What is needed ->
Beginning with the line containing "Mit diesen niedlichen" and ending with the line containing "disturb you again", write out each line of the records below exactly; pictures and lines outside that range are left out.

Records ->
···

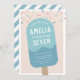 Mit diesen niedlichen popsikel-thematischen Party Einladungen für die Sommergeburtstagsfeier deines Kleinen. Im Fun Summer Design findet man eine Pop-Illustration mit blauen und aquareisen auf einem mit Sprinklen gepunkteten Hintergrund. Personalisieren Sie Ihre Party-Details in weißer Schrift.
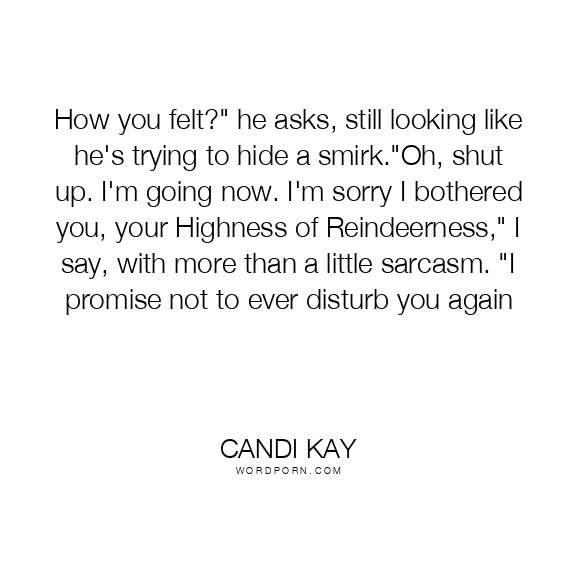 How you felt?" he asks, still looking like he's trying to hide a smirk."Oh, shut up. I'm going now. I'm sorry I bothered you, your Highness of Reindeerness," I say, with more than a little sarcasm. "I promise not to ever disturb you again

···

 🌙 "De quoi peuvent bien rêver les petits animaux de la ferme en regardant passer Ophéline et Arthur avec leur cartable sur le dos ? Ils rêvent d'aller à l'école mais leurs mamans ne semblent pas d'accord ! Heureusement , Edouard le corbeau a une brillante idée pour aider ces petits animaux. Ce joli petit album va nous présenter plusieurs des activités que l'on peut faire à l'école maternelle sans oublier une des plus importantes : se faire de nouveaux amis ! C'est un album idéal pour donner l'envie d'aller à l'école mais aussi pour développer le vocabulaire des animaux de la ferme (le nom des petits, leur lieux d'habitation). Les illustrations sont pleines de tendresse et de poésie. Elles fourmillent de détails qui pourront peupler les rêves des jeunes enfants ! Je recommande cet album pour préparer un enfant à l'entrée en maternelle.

···

Answer ->
 Mit diesen niedlichen popsikel-thematischen Party Einladungen für die Sommergeburtstagsfeier deines Kleinen. Im Fun Summer Design findet man eine Pop-Illustration mit blauen und aquareisen auf einem mit Sprinklen gepunkteten Hintergrund. Personalisieren Sie Ihre Party-Details in weißer Schrift.
 How you felt?" he asks, still looking like he's trying to hide a smirk."Oh, shut up. I'm going now. I'm sorry I bothered you, your Highness of Reindeerness," I say, with more than a little sarcasm. "I promise not to ever disturb you again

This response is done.